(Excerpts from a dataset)
───
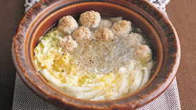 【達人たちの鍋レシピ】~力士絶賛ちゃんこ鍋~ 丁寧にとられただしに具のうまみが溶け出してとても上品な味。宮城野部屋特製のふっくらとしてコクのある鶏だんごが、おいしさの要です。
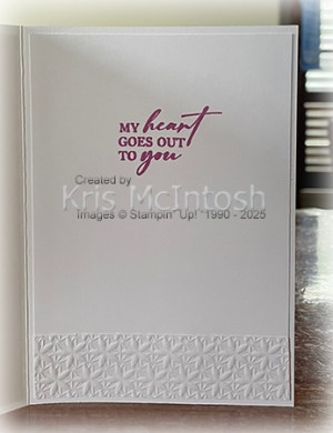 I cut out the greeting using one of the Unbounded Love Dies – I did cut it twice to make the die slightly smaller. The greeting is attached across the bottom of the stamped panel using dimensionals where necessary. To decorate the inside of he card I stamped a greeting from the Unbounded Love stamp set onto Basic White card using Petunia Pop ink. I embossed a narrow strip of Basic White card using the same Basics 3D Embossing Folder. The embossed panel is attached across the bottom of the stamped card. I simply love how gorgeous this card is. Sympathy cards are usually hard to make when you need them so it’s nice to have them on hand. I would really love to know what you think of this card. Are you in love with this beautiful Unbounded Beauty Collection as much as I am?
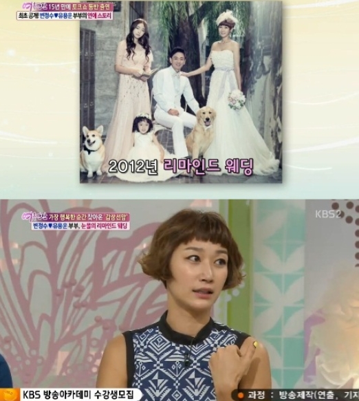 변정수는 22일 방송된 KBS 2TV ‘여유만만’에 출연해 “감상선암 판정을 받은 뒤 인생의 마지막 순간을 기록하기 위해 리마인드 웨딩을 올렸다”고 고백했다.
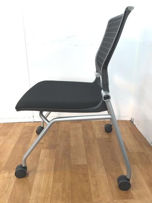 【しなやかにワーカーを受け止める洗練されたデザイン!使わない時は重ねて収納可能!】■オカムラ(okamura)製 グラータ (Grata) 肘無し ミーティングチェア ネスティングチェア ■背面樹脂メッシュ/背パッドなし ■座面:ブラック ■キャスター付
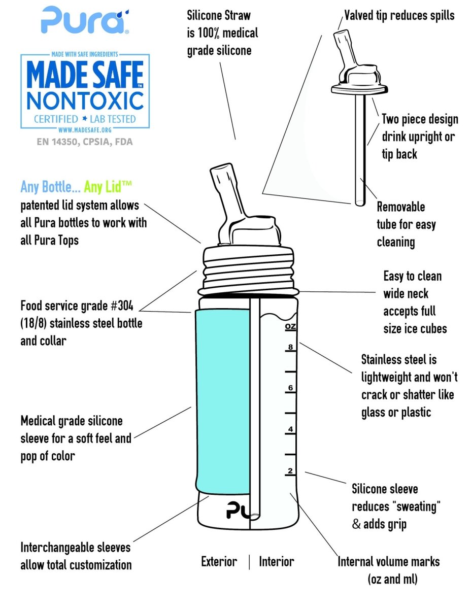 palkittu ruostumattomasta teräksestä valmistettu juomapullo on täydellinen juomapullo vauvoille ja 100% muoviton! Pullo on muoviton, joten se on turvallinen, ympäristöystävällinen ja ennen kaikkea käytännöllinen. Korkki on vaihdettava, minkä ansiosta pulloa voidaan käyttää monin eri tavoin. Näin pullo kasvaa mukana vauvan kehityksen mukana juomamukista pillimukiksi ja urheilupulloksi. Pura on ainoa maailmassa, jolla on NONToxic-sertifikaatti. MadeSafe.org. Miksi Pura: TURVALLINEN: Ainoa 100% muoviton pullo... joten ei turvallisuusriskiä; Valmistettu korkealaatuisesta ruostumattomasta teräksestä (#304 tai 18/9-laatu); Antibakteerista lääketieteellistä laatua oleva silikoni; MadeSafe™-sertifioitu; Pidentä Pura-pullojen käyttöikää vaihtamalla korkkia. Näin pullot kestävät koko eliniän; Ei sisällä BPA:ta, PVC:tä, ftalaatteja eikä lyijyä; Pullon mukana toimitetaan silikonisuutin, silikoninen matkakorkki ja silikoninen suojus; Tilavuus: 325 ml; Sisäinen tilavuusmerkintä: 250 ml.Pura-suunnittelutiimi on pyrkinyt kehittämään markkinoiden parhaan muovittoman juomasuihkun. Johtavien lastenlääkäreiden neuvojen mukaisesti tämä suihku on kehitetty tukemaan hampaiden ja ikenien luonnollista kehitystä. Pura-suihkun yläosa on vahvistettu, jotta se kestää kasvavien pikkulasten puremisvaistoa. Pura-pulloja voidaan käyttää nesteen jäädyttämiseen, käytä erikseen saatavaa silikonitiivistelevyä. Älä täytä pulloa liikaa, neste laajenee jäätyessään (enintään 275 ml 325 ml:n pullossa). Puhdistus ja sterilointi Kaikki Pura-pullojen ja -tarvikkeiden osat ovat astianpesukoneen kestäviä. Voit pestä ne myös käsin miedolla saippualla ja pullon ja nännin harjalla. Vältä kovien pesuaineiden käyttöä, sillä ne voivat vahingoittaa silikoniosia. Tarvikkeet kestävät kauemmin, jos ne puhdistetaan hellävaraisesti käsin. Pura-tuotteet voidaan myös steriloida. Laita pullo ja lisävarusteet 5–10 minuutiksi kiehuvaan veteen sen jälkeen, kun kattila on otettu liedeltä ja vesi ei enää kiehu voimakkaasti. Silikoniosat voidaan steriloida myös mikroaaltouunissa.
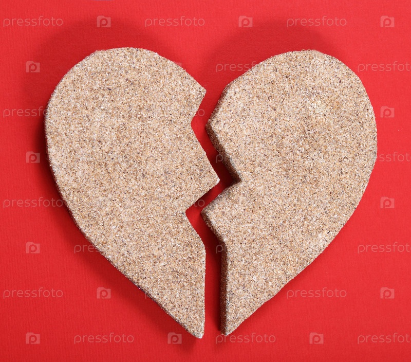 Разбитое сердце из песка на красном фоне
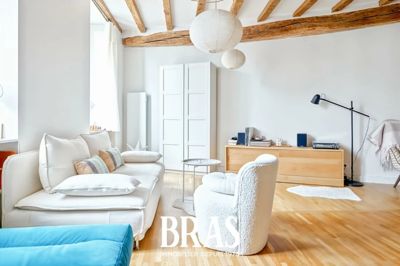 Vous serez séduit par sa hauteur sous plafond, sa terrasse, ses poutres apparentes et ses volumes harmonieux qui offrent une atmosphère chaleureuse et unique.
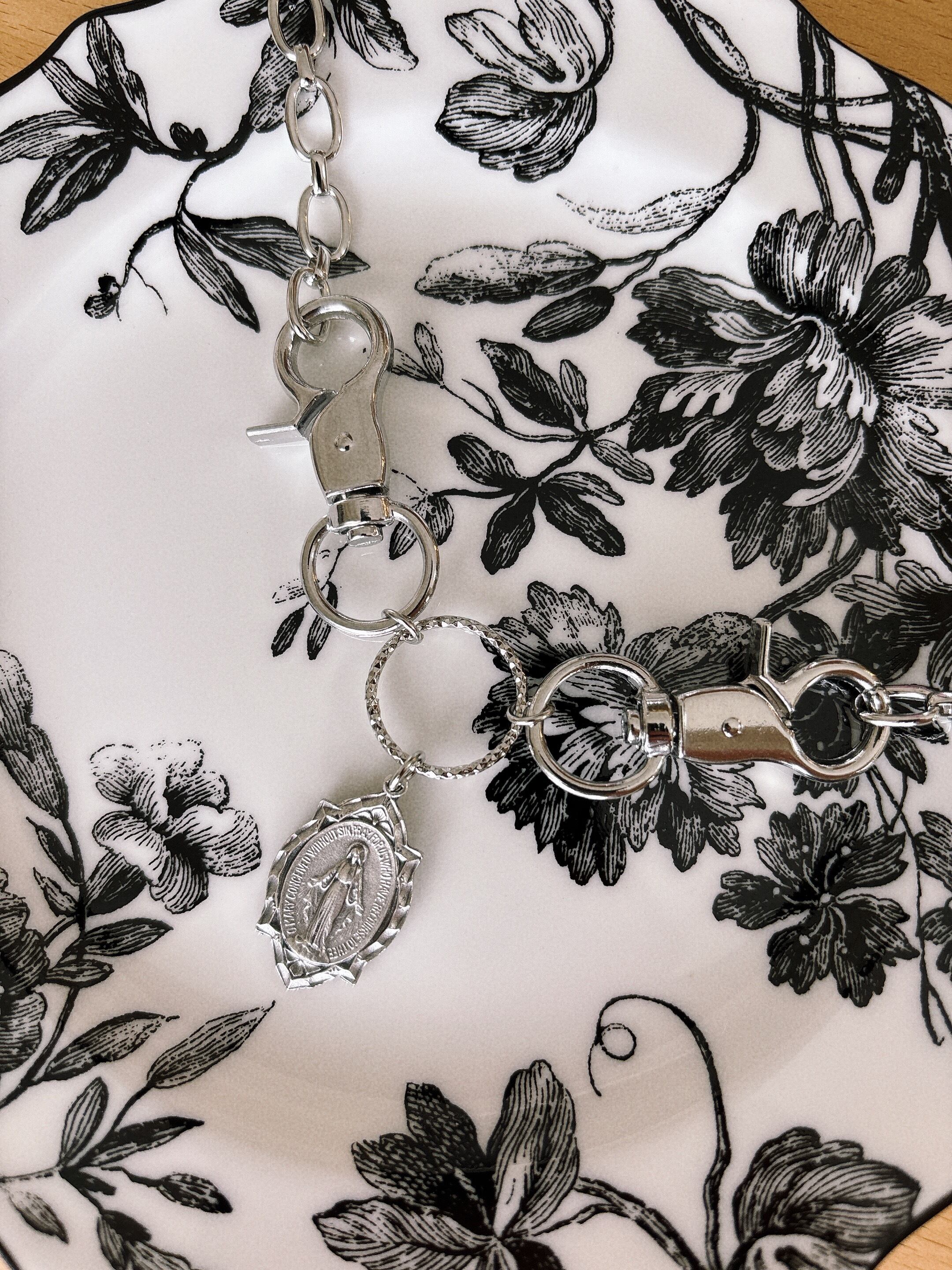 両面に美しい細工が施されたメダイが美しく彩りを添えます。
───
▶ [ASSIGNMENT] What is needed is an exact copy of the entries, without any images.

▶ [ANSWER TO THIS EXERCISE]
 【達人たちの鍋レシピ】~力士絶賛ちゃんこ鍋~ 丁寧にとられただしに具のうまみが溶け出してとても上品な味。宮城野部屋特製のふっくらとしてコクのある鶏だんごが、おいしさの要です。
 I cut out the greeting using one of the Unbounded Love Dies – I did cut it twice to make the die slightly smaller. The greeting is attached across the bottom of the stamped panel using dimensionals where necessary. To decorate the inside of he card I stamped a greeting from the Unbounded Love stamp set onto Basic White card using Petunia Pop ink. I embossed a narrow strip of Basic White card using the same Basics 3D Embossing Folder. The embossed panel is attached across the bottom of the stamped card. I simply love how gorgeous this card is. Sympathy cards are usually hard to make when you need them so it’s nice to have them on hand. I would really love to know what you think of this card. Are you in love with this beautiful Unbounded Beauty Collection as much as I am?
 변정수는 22일 방송된 KBS 2TV ‘여유만만’에 출연해 “감상선암 판정을 받은 뒤 인생의 마지막 순간을 기록하기 위해 리마인드 웨딩을 올렸다”고 고백했다.
 【しなやかにワーカーを受け止める洗練されたデザイン!使わない時は重ねて収納可能!】■オカムラ(okamura)製 グラータ (Grata) 肘無し ミーティングチェア ネスティングチェア ■背面樹脂メッシュ/背パッドなし ■座面:ブラック ■キャスター付
 palkittu ruostumattomasta teräksestä valmistettu juomapullo on täydellinen juomapullo vauvoille ja 100% muoviton! Pullo on muoviton, joten se on turvallinen, ympäristöystävällinen ja ennen kaikkea käytännöllinen. Korkki on vaihdettava, minkä ansiosta pulloa voidaan käyttää monin eri tavoin. Näin pullo kasvaa mukana vauvan kehityksen mukana juomamukista pillimukiksi ja urheilupulloksi. Pura on ainoa maailmassa, jolla on NONToxic-sertifikaatti. MadeSafe.org. Miksi Pura: TURVALLINEN: Ainoa 100% muoviton pullo... joten ei turvallisuusriskiä; Valmistettu korkealaatuisesta ruostumattomasta teräksestä (#304 tai 18/9-laatu); Antibakteerista lääketieteellistä laatua oleva silikoni; MadeSafe™-sertifioitu; Pidentä Pura-pullojen käyttöikää vaihtamalla korkkia. Näin pullot kestävät koko eliniän; Ei sisällä BPA:ta, PVC:tä, ftalaatteja eikä lyijyä; Pullon mukana toimitetaan silikonisuutin, silikoninen matkakorkki ja silikoninen suojus; Tilavuus: 325 ml; Sisäinen tilavuusmerkintä: 250 ml.Pura-suunnittelutiimi on pyrkinyt kehittämään markkinoiden parhaan muovittoman juomasuihkun. Johtavien lastenlääkäreiden neuvojen mukaisesti tämä suihku on kehitetty tukemaan hampaiden ja ikenien luonnollista kehitystä. Pura-suihkun yläosa on vahvistettu, jotta se kestää kasvavien pikkulasten puremisvaistoa. Pura-pulloja voidaan käyttää nesteen jäädyttämiseen, käytä erikseen saatavaa silikonitiivistelevyä. Älä täytä pulloa liikaa, neste laajenee jäätyessään (enintään 275 ml 325 ml:n pullossa). Puhdistus ja sterilointi Kaikki Pura-pullojen ja -tarvikkeiden osat ovat astianpesukoneen kestäviä. Voit pestä ne myös käsin miedolla saippualla ja pullon ja nännin harjalla. Vältä kovien pesuaineiden käyttöä, sillä ne voivat vahingoittaa silikoniosia. Tarvikkeet kestävät kauemmin, jos ne puhdistetaan hellävaraisesti käsin. Pura-tuotteet voidaan myös steriloida. Laita pullo ja lisävarusteet 5–10 minuutiksi kiehuvaan veteen sen jälkeen, kun kattila on otettu liedeltä ja vesi ei enää kiehu voimakkaasti. Silikoniosat voidaan steriloida myös mikroaaltouunissa.
 Разбитое сердце из песка на красном фоне
 Vous serez séduit par sa hauteur sous plafond, sa terrasse, ses poutres apparentes et ses volumes harmonieux qui offrent une atmosphère chaleureuse et unique.
 両面に美しい細工が施されたメダイが美しく彩りを添えます。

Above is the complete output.